(Billet 52) – Contre la mauvaise humeur… l’humour

(Billet 52) – Contre la mauvaise humeur… l’humour

Ils sont jeunes, ils sont beaux… ils sont aussi très énervés et ils affichent surtout et avant tout un sens ahurissant de l’humour et de la dérision. Les jeunes Algériens nous ont montré de quoi ils sont capables : pétrifier un système momifié au moyen d’une déconcertante dose d’humour pour exprimer leur mauvaise humeur. Et cela s’étend au Maghreb.

En Tunisie, les jeunes (puis les moins jeunes, après) ont fait leur révolution en 2011, et ils y sont encore... Au Maroc, on ne bouleverse rien, le système monarchique est séculaire et bien installé au sein de la société et dans les cœurs. Les esprits ronchonnent certes parfois, et même souvent, mais cela ne va pas plus loin. En revanche, la classe politique qui se dégrade de jour en jour en prend pour son grade.

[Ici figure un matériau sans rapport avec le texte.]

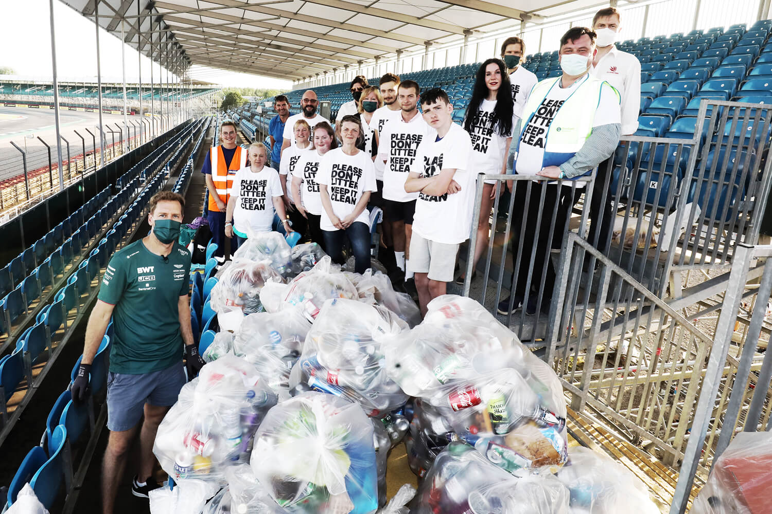 De exemplu, după cursa de la Silverstone, Vettel a mers în tribune pentru a ajuta voluntarii să strângă gunoialele lăsate în urmă de fani.
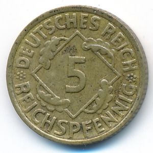 KM#39 Weimar Republic, 5 reichspfennig (1935 г.) Aluminum-Bronze, 2.54 g. Категории:. Obv: Denomination within square, oak leaf on each side. Rev: Six grain sprigs form center triangle above date. Смотрите подробное описание типа в каталоге.

Observons nos amis algériens… Qui n’a pas ri à la lecture des slogans brandis ici et là, sur le 5ème mandat de M. Bouteflika, sur le prolongement du 4ème, ou « 4+ », sur le « retour de la momie » ?... En face, les harangues épistolaires du survivant Bouteflika et les mises en garde lapidaires du général Gaïd Salah sont aussi lugubres...

qu’une tombe profanée.

Chez nous, et bien que la caricature ne soit ni tout à fait interdite ni gentiment autorisée, les dessins et montages/photomontages fleurissent sur les réseaux, avec comme point d’orgue le boycott printanier de 2018. C’était là la force principale d’Abdelilah Benkirane qui avait compris que pour séduire, il faut faire rire… Et ça a marché pour lui, d’autant plus qu’en face, rares sont les « responsables » politiques connus pour faire se tordre de rire une salle

La jeunesse maghrébine s’est universalisée. Elle observe les autres, et elle retient les exemples, qui sont souvent des leçons. Notre jeunesse nord-africaine est désormais instruite, connectée, totalement affranchie des peurs d’antan, même si de légitimes craintes subsistent. Cette jeunesse s’est donc très naturellement politisée, face à un personnel politique fossilisé et triste comme un remords.

Quel est le meilleur moyen de faire dérailler quelqu’un qui se prend (à tort) au sérieux ? Le railler… L’humour est désormais l’arme fatale des peuples maghrébins, et il est bien plus classe que la casse. L’humour est licite, peut-être tacite, et n’a surtout pas de limites, sauf l’intelligence de ceux qui en font les frais.